À LA UNE DU 12 JUIN 2026

Malgré son contrôle électronique, elle s’attaque à ses voisins en pleine rue

Par Hugo Clement - 12 Juin 2026, 20:10

À Cahors, une agression violente soulève des tensions au sein du quartier

Poursuivie pour agression à Cahors : une discothèque sous le choc

Dans la nuit du 29 mai 2026, la discothèque Ice Club de Cahors a été le théâtre d’une agression qui a choqué les collaborateurs et clients présents. Aux alentours de 4 heures du matin, des témoins, dont un vigile et le DJ, ont signalé une attaque d’une femme résidant à proximité, conduisant à une procédure judiciaire.

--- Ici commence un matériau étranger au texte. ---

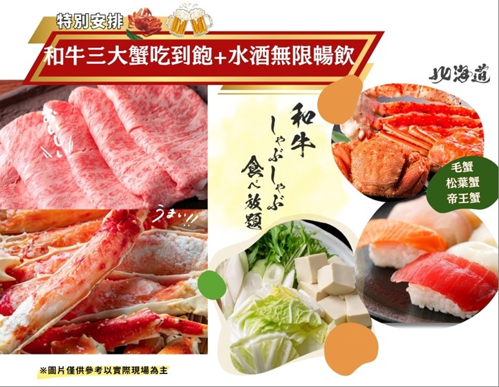 ※備註:若今晚晚餐因客滿或螃蟹缺貨不能享用三大螃蟹吃到飽,則每人退6000日幣改自理餐。

Des versions opposées au tribunal de Cahors

Le tribunal correctionnel de Cahors a vu se confronter deux récits diamétralement opposés lors de l’audience du 9 juin. D’une part, la prévenue, âgée de 28 ans, connue des services judiciaires, a nié les faits. Elle a affirmé n’avoir jamais quitté son appartement, en raison d’un bracelet électronique imposé suite à une peine antérieure. Les témoins, quant à eux, soutiennent que, armée d’un couteau, elle aurait menacé plusieurs personnes, y compris des clients et employés du club. D’après des informations publiées, six témoins corroborent la version des victimes, tandis que la prévenue prétend que les véritables agresseurs sont en réalité les employés de la discothèque.

La gravité des accusations

La prévenue est accusée de « violence avec usage ou menace d’une arme », un chef d’accusation qui pèse lourd dans la balance. Les victimes réclament des dommages pour préjudice moral, le vigile évaluant sa demande à 5 000 euros et le DJ à 1 000 euros. Finalement, les montants accordés seront nettement inférieurs : 500 euros pour le vigile et 300 euros pour le DJ. L’affaire soulève des questions sur la sécurité dans les lieux de divertissement à Cahors, un sujet que les gérants de la discothèque souhaitent aborder pour protéger à la fois leurs employés et leur clientèle.

Le verdict et ses conséquences

À l’issue de l’audience, la substitut du procureur a requis une peine de 12 mois de prison ferme, soulignant que le bracelet électronique pouvait être défectueux. Cependant, les juges ont finalement opté pour une peine de 10 mois de prison ferme, assortie d’un mandat de dépôt à effet différé. La jeune femme a également reçu une interdiction de contacter les victimes pendant trois ans. Ce verdict rappelle la nécessité d’une attention particulière aux paroles des témoins et à la prise de décisions judicieuses qui garantiront la sécurité des citoyens.